Accelerated First Oil Targeted with Long-Lead Procurement
Finder is actively securing critical long-lead items (LLIs) to maintain its fast-track schedule targeting First Oil in late 2027 or early 2028. The company has reserved manufacturing and delivery capacity for several key items, supported by joint venture partner TIMOR GAP. The integrated FDR-SIA team is focused on delivering firm pricing and schedules, minimising upfront capital expenditure, and exploring alternative suppliers to optimise cost and timing. This procurement strategy de-risks the supply chain and supports the transition to the Engineering, Procurement, Construction and Installation (EPCI) phase.
2027 Drilling Campaign Preparations Underway
Preparations for the 2027 drilling campaign are progressing with rig contracting, procurement of drilling equipment, and evaluation of bids for drilling management services. Finder has secured long-lead casing and completion equipment, aligning procurement with the planned drilling window. The company also maintains a Letter of Intent with SundaGas Banda to share rig and drilling costs, aiming to maximise operational synergies across Timor Sea campaigns. These efforts aim to streamline development drilling and support the accelerated timeline toward first production.

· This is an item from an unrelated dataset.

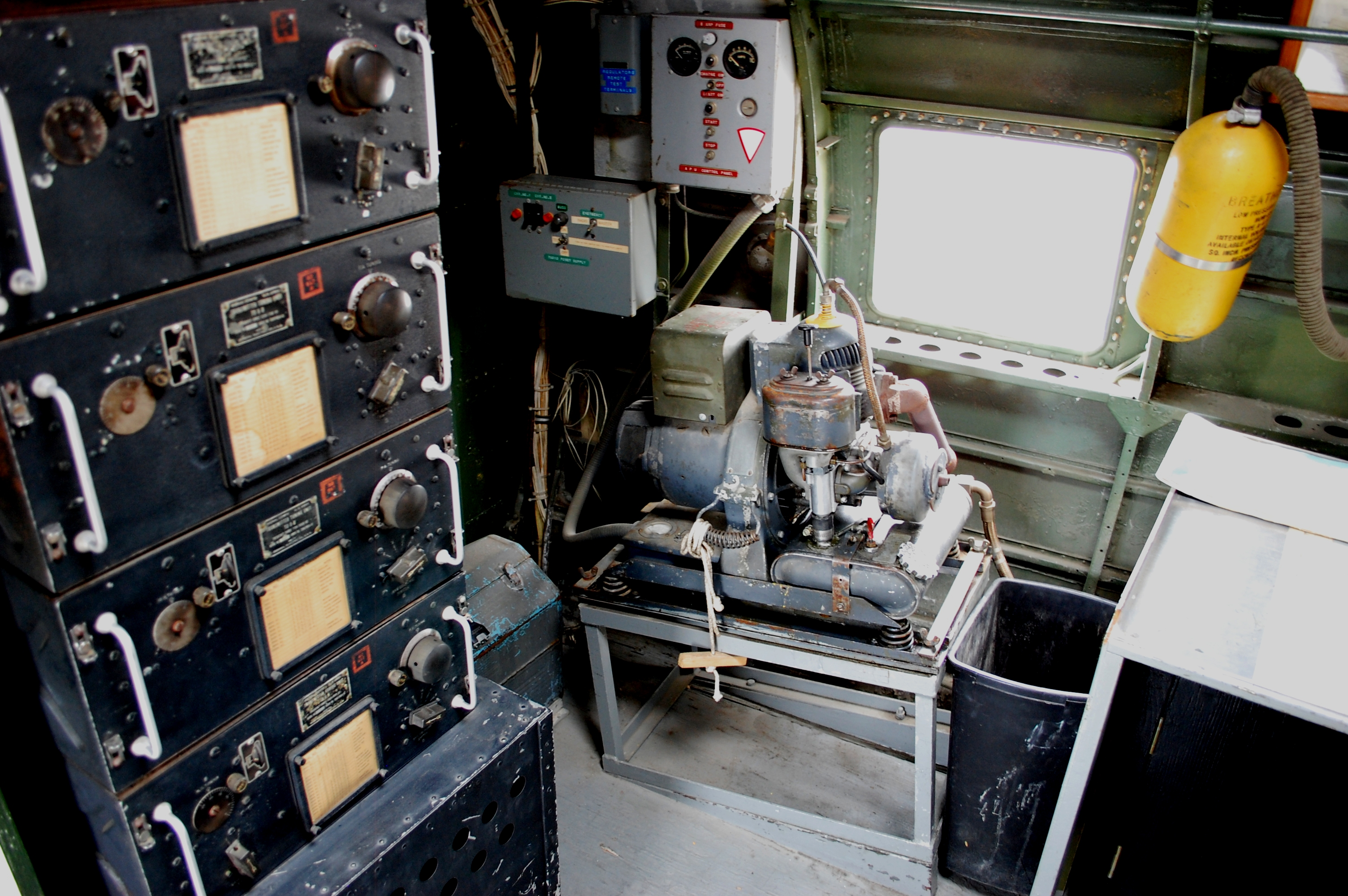 The Auxillary Power Unit of the Curtiss C-46 'China Doll' of the Commemorative Air Force, Southern California wing.

Exploring Future Tie-Back Opportunities for Growth
Beyond the initial KTJ development, Finder is conducting feasibility assessments of future tie-back opportunities within PSC 19-11 to support long-term growth. The region hosts significant contingent and prospective resources, including the Krill and Squilla discoveries with combined 2C contingent resources of 23 million barrels and multiple low-risk nearfield prospects estimated at 116 million barrels (unrisked mean). The KTJ Project’s strategy to establish the Petrojarl I FPSO as a central processing hub is expected to lower capital intensity and commercial thresholds for these follow-on developments, enhancing capital efficiency and potentially extending field life.
This integrated approach positions KTJ not merely as a standalone development but as a foundation for broader petroleum production in Timor-Leste, leveraging existing infrastructure to unlock value across the PSC 19-11 acreage. The project’s progress builds on recent equity raises and strategic initiatives to accelerate development, including the $30m equity raise to accelerate KTJ and the mid-2026 FID target with FPSO ownership.
Bottom Line?
Finder’s coordinated push across regulatory, financing, and operational fronts sets a clear path to mid-2026 sanction, but timely approvals and execution of FPSO redeployment remain pivotal to meeting late-2027 first oil ambitions.
Questions in the middle?
- How will the final regulatory decisions on the EIS and FDP shape the FID timeline and project scope?
- What impact will ongoing geopolitical risks have on Brent prices and, consequently, the project’s financing terms?
- To what extent can future tie-back developments within PSC 19-11 materialise given current resource uncertainties?